## WORK INSTRUCTIONS
Repeat the records below exactly from the line containing "Dieses Ferienhaus besteht" to the line containing "首先依旧使用哈希表统计频率,统计完成后,创建一个数组,将", taking in both of those lines. Drop the pictures.

## SUPPLIED RECORDS
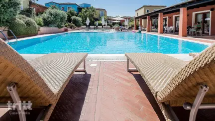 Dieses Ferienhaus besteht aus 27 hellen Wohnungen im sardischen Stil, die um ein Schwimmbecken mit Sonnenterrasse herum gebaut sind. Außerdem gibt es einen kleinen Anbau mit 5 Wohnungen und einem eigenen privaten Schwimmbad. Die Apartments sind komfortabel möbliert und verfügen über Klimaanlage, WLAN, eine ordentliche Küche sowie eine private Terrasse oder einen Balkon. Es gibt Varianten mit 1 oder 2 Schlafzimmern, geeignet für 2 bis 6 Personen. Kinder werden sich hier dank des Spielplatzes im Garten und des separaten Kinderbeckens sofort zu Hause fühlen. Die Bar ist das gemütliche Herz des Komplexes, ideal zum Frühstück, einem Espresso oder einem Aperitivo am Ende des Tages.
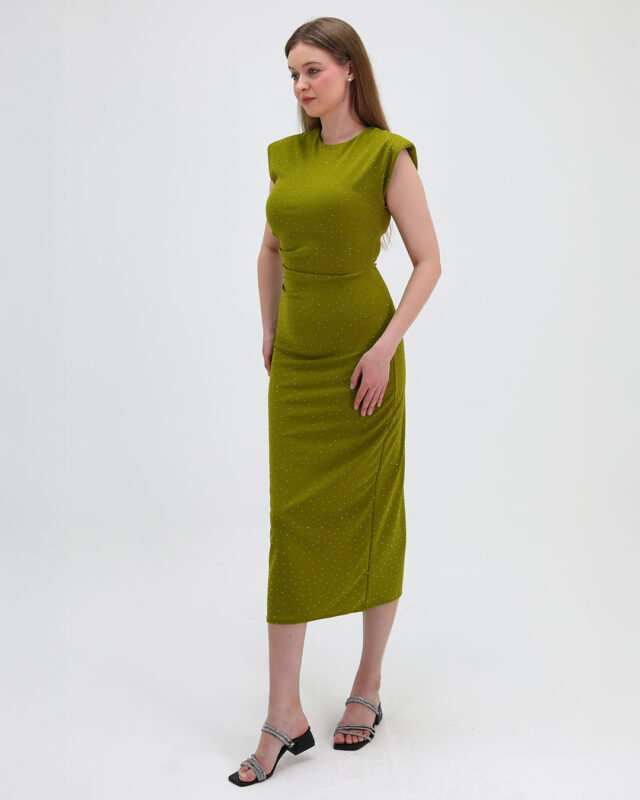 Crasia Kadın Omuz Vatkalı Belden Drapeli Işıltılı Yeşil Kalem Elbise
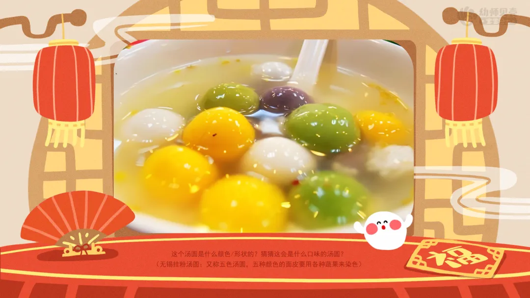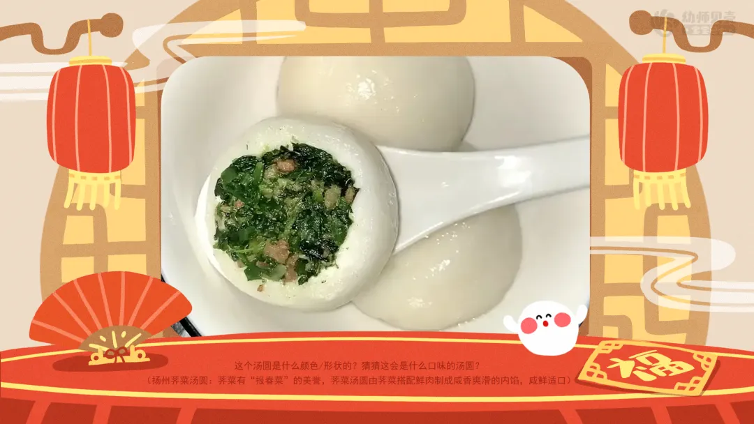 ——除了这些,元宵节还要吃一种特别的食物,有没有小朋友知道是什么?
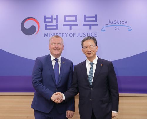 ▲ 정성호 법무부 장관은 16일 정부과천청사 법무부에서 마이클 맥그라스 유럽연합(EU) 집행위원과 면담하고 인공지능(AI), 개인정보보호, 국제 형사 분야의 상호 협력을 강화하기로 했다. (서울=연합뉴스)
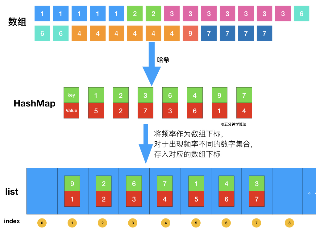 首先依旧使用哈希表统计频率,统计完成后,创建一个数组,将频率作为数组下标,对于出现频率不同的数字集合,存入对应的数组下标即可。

...

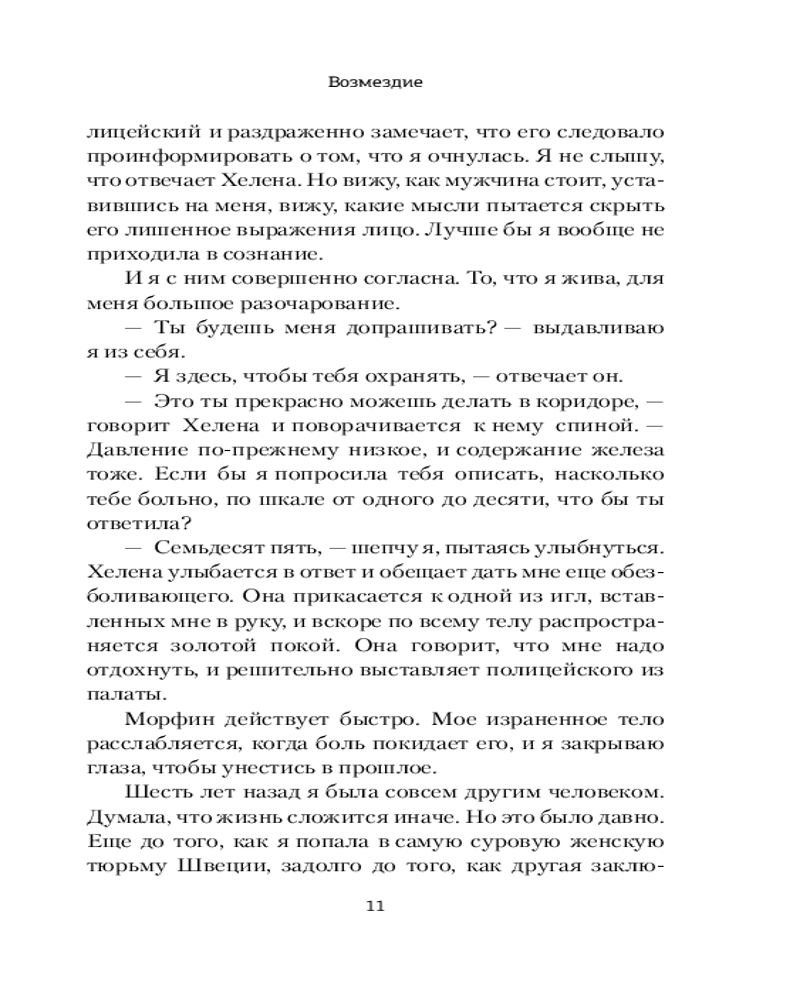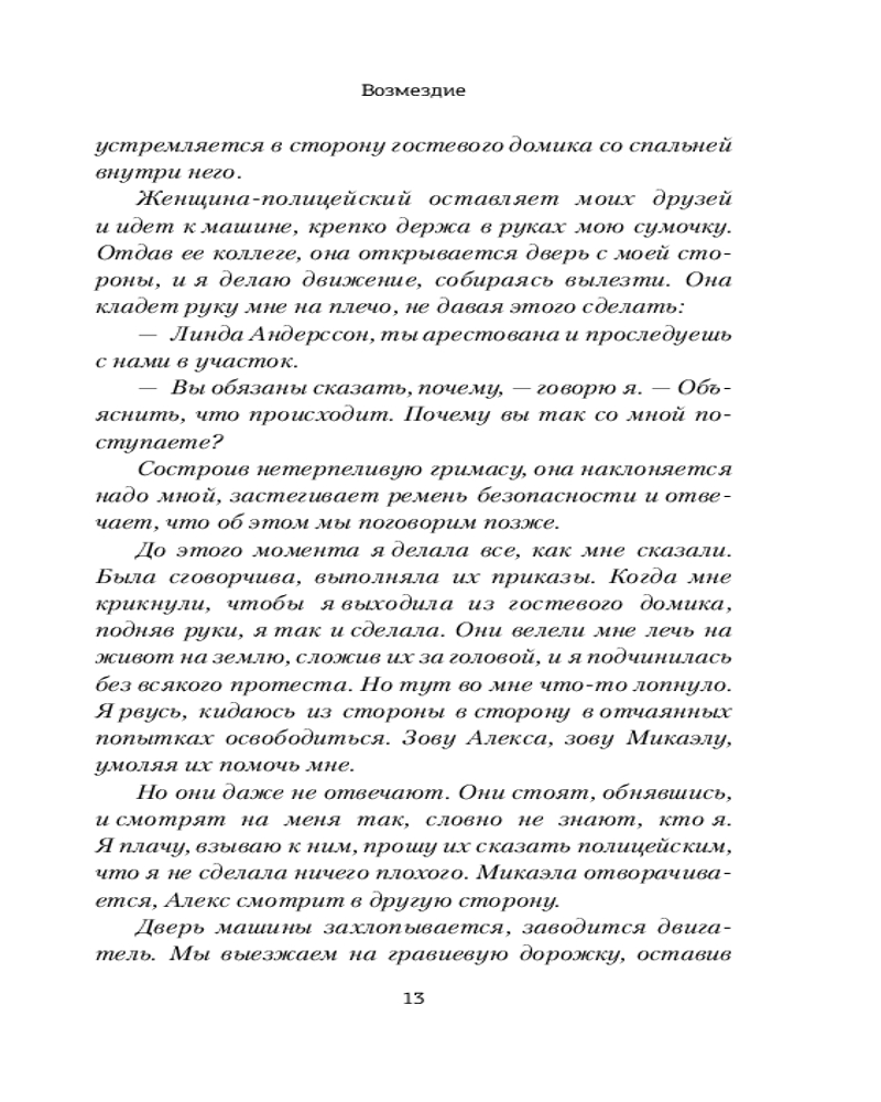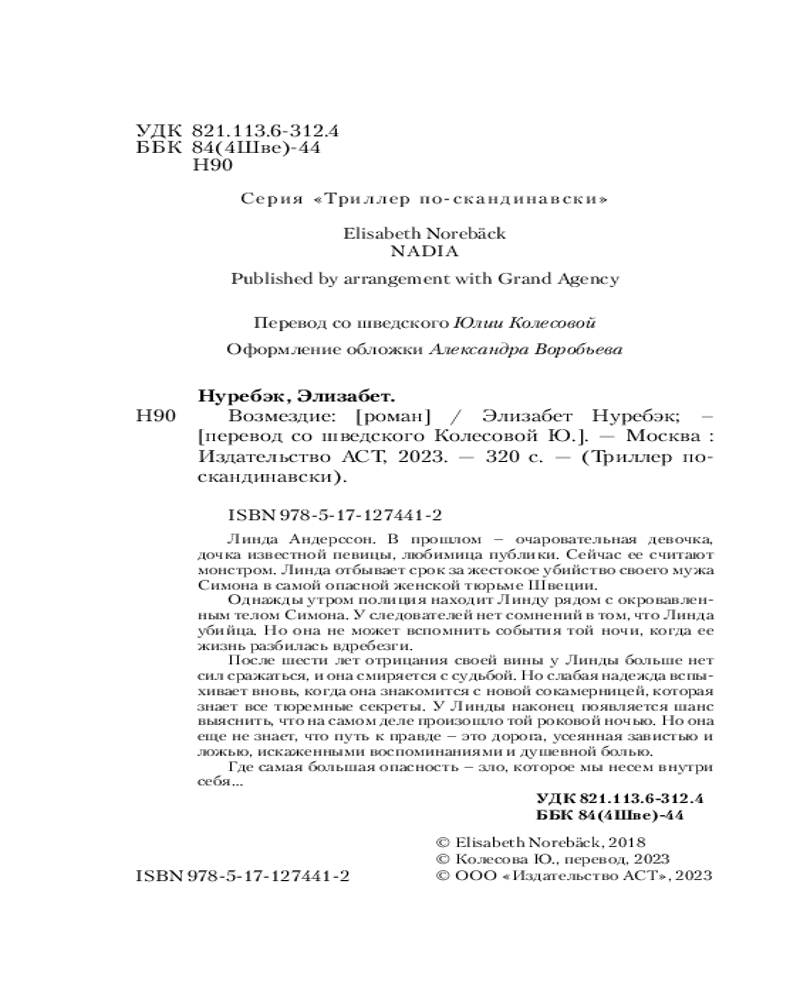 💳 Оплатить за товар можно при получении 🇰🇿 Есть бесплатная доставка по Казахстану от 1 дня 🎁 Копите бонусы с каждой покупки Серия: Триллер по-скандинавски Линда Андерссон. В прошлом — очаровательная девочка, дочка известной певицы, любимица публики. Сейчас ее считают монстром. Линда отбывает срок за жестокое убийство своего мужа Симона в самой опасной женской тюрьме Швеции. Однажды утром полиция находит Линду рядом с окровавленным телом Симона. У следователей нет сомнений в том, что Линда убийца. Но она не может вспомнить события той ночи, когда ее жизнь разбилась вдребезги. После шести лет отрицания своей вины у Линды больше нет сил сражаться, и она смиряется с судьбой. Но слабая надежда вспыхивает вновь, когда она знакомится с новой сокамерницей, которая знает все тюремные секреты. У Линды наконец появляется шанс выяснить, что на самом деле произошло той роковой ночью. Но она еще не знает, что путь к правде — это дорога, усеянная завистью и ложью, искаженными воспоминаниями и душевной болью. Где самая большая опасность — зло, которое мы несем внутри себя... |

## ANSWER TO THIS EXERCISE
 Dieses Ferienhaus besteht aus 27 hellen Wohnungen im sardischen Stil, die um ein Schwimmbecken mit Sonnenterrasse herum gebaut sind. Außerdem gibt es einen kleinen Anbau mit 5 Wohnungen und einem eigenen privaten Schwimmbad. Die Apartments sind komfortabel möbliert und verfügen über Klimaanlage, WLAN, eine ordentliche Küche sowie eine private Terrasse oder einen Balkon. Es gibt Varianten mit 1 oder 2 Schlafzimmern, geeignet für 2 bis 6 Personen. Kinder werden sich hier dank des Spielplatzes im Garten und des separaten Kinderbeckens sofort zu Hause fühlen. Die Bar ist das gemütliche Herz des Komplexes, ideal zum Frühstück, einem Espresso oder einem Aperitivo am Ende des Tages.
 Crasia Kadın Omuz Vatkalı Belden Drapeli Işıltılı Yeşil Kalem Elbise
 ——除了这些,元宵节还要吃一种特别的食物,有没有小朋友知道是什么?
 ▲ 정성호 법무부 장관은 16일 정부과천청사 법무부에서 마이클 맥그라스 유럽연합(EU) 집행위원과 면담하고 인공지능(AI), 개인정보보호, 국제 형사 분야의 상호 협력을 강화하기로 했다. (서울=연합뉴스)
 首先依旧使用哈希表统计频率,统计完成后,创建一个数组,将频率作为数组下标,对于出现频率不同的数字集合,存入对应的数组下标即可。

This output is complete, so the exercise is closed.